You can operate 500,000 servers in 1 minute. You can operate tens of thousands of machines in such an instant by typing the command and hitting enter. If it is a malicious destructive operation, the impact can be imagined. Therefore, the high-risk command block function is implemented to automatically identify and block some high-risk operations. The entire invocation link is encrypted and signed to ensure that no third party can crack or tamper with it. In view of the possible leakage problem of API accounts, the command mapping function is developed to change the commands in the operating system by mapping. For example, the reboot command may need to be imported to A1B2, and the mapping relationship of each API account is different.


The environment


Environmental problems such as machine downtime can be solved by connecting with monitoring data. As mentioned above, the problem of network isolation is no longer stated too much. Here emphasizes the next entry in the CMDB data and the Agent to collect the data inconsistency problem, mainly is the SN, IP these basic information, because everyone is when using the first machine information, removed from a CMDB to invoke our system again, if you don’t agree, will cause the failure of calls directly, why SN/IP inconsistent problem?
The data in THE CMDB is generally triggered and entered by manual or other systems, while the Agent is actually collected from the machine. Some motherboards of the machine do not record SN, and some machines have many network cards, etc. The environment is complicated and various situations exist.

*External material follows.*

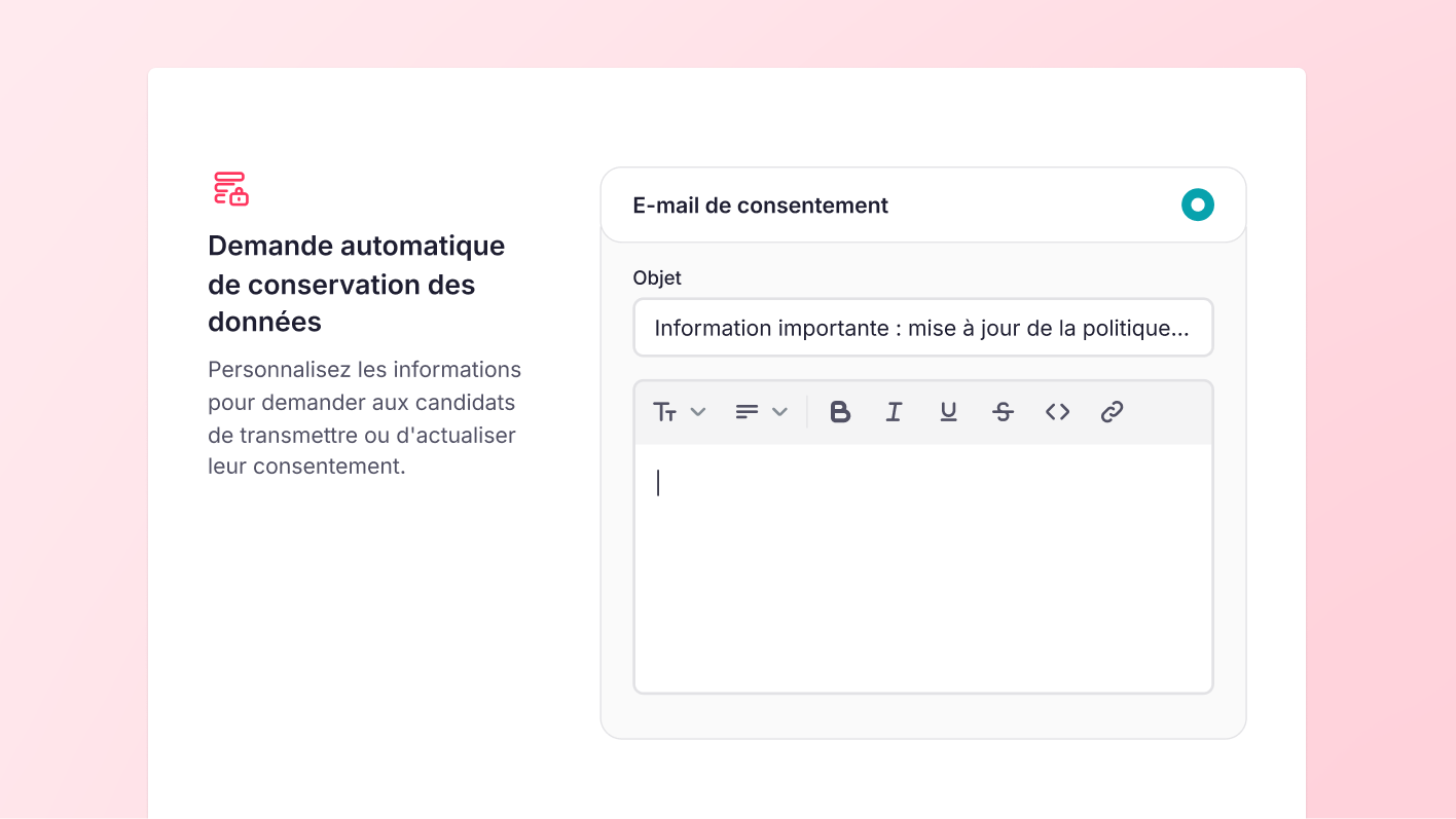 Restez conforme tout en préservant votre vivier de talents. Cette fonctionnalité automatise le renouvellement du consentement pour continuer à stocker légalement les informations des candidats.

To solve this kind of situation is through the establishment of specification, make standard of SN, IP acquisition, respectively, to allow the machine custom machine SN/IP, cooperate with the specification also provides acquisition tool, not only is our Agent, and all other acquisition machine scene can make use of the information acquisition tool, when the standard updated we will update the small tools, In this way, the transparency of the upper level business is realized.